N. 01188/2023 REG.RIC.
REPUBBLICA ITALIANA
IN NOME DEL POPOLO ITALIANO
Il Tribunale Amministrativo Regionale per la Sicilia
(Sezione Quinta)
ha pronunciato la presente
SENTENZA
ex art. 60 cod. proc. amm.;
sul ricorso numero di registro generale 1188 del 2023, proposto da
Farmacia Li Volsi S.r.l., in persona del legale rappresentante pro tempore , rappresentata e difesa dall’avv.to Lucia Di Salvo, con domicilio digitale come da PEC da Registri di Giustizia e domicilio fisico eletto presso il suo studio in Palermo, Via Notarbartolo n. 5.
contro
Comune di Menfi, Commissario ad acta in sostituzione del Consiglio Comunale Dott.

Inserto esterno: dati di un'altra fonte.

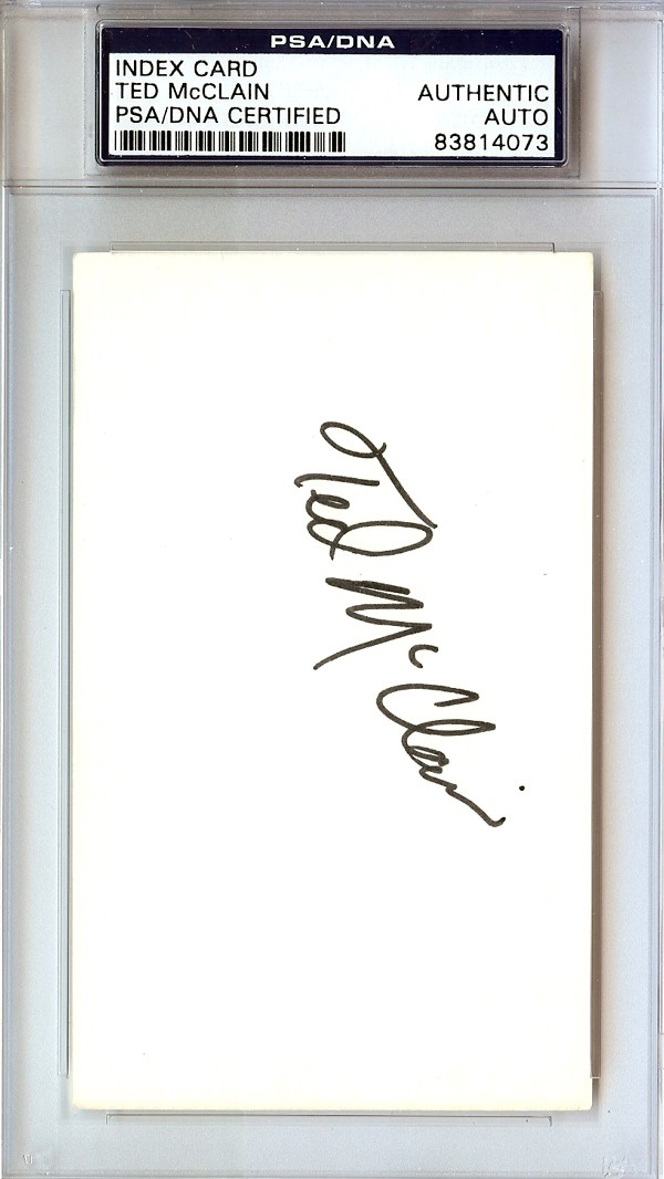 Ted Mcclain Autographed 3X5 Index Card Carolina Cougars PSA/DNA. Certificate of Authenticity provided by PSA/DNA. Makes a great gift for any collector or sports fan! Items ship quickly and securely.
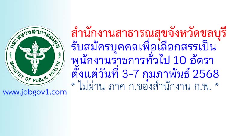 สำนักงานสาธารณสุขจังหวัดชลบุรี รับสมัครบุคคลเพื่อเลือกสรรเป็นพนักงานราชการทั่วไป 10 อัตรา ตั้งแต่วันที่ 3-7 กุมภาพันธ์ 2568
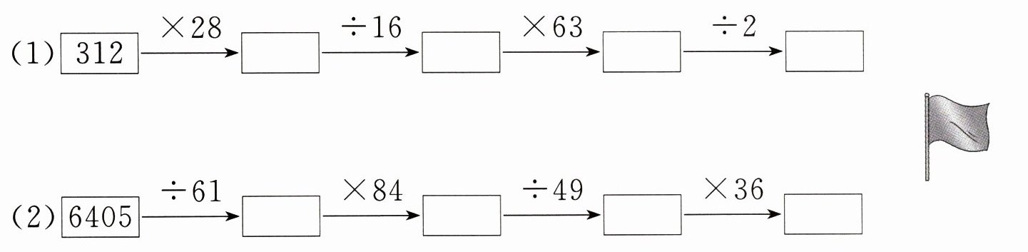 (1)$\boxed{312}\xrightarrow{×28}□\xrightarrow{÷16}□\xrightarrow{×63}□\xrightarrow{÷2}□$
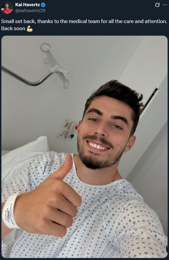 哈弗茨写谈:“小小贫穷,感谢医疗团队的全心管理,很快转头💪🏼”
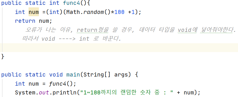 (단, 메소드를 사용하고 모든 값은 return; 형으로 돌려받아 출력)

Giovanni Scafidi Nominato Giusto D.A. n. 53/S.3/2003, Azienda Sanitaria Provinciale di Agrigento, Ordine dei Farmacisti della Provincia di Agrigento, non costituitisi in giudizio;
Regione Sicilia - Assessorato delle Autonomie Locali e della Funzione Pubblica, in persona del legale rappresentante pro tempore , rappresentata e difesa dall’Avvocatura distr.le dello Stato, con domicilio digitale corrispondente alla PEC come da registri di giustizia, e domicilio fisico ex lege presso la sua sede in Palermo, Via Villareale n. 6;
nei confronti
Farmacia Sant'Antonio di Rotolo e Barbera S.r.l., Farmacia Spitali del Dr Gaspare Spitali, non costituitisi in giudizio;
e con l'intervento di
ad opponendum :
RI UR, SA Di IG, RI GL Caietta, rappresentati e difesi dagli avv.ti Girolamo Rubino e Giuseppe Impiduglia, con domicilio digitale corrispondente alla PEC come da registri di giustizia, e domicilio fisico ex lege presso la Segreteria della Sezione in Palermo, Via Butera n. 6;
per l'annullamento
previa sospensione
- DELLA DELIBERA DEL COMMISSARIO AD ACTA 25/5/2023 N. 1, DI APPROVAZIONE DELLA REVISIONE BIENNALE DELLA PIANTA ORGANICA DELLE FARMACIE PER IL 2022;
- DI TUTTI GLI ATTI PRESUPPOSTI E CONNESSI, COMPRESA LA PROPOSTA 23/5/2023 N. 1, LA RELAZIONE TECNICA 24/4/2012 E LA RELAZIONE 2022 DEL 20/10/2022, NONCHE’ IL VERBALE DI CONFERENZA DI SERVIZI DEL 16/11/2022;
- DI OGNI ALTRO ATTO CONNESSO, PRESUPPOSTO O CONSEGUENTE.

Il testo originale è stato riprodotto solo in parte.